"I THINK" AS FORM AND ACTION: KANT'S SELF BEYOND TIME AND SUBSTANCE
DOI:
https://doi.org/10.36311/2318-0501.2015.v3n2.10.p163Resumo
If permanence or abiding presence is a common quality shared by transcendental apperception and pure time, this does not imply that one should identify them, in accordance with Heidegger’s daimon, as connatural structures; instead, it might be more illuminating to uncover the underlying mediation that surpasses their original heterogeneity. This mediating role can be assigned to substance, conceived by Kant himself in a quite Leibnizian vein, as a self-founded force and, hence, an autonomous centre of ever-lasting activity. In a Kantian perspective, however, substance appears to be a fragile mediation, especially as one moves from the Lectures on Metaphysics of the 1770’s to the first Critique, in so far as an essential asymmetry emerges within this triadic community.

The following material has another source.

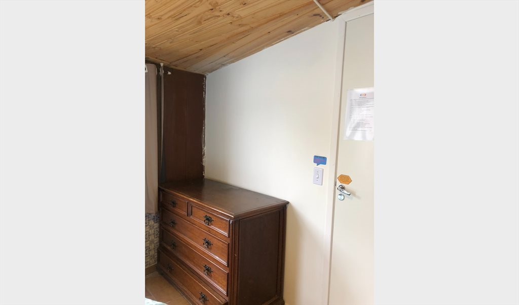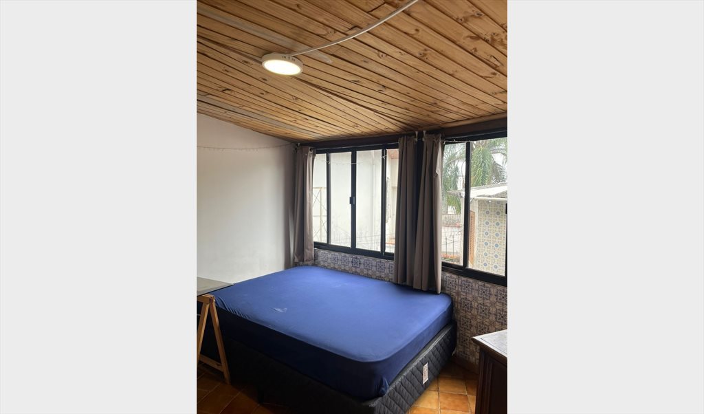 Quarto com cama de casal, mesa, cadeira, armário, em uma casa com banheiro, sala, cozinha, churrasqueira compartilhadas

Thus, whereas pure time and substance remain consistently linked—though space will tend to relate more immediately to substance than time—, the thinking self and its activity no longer signify the paradigmatic expression of real substantiality and real duration but “only a substance in Idea”. Located beyond time and substance, the I think comes to a sort of inner instability oscillating between static timelessness and dynamic production of time, pure self-representation and pure self-(re) presenting activity, logical form and logical act, transcendental unity and actual unification. Indeed, how can Myself “function as if” I were a substance without being so and, consequently, without being incorporated into a mere form? In other terms, how is one to grasp “activity” without using the idiom of substance and, at the same time, without inactivating it? Form and act must be envisaged, respectively, as the reduced and realized states of the same process, that is, mind or self in its determining motion.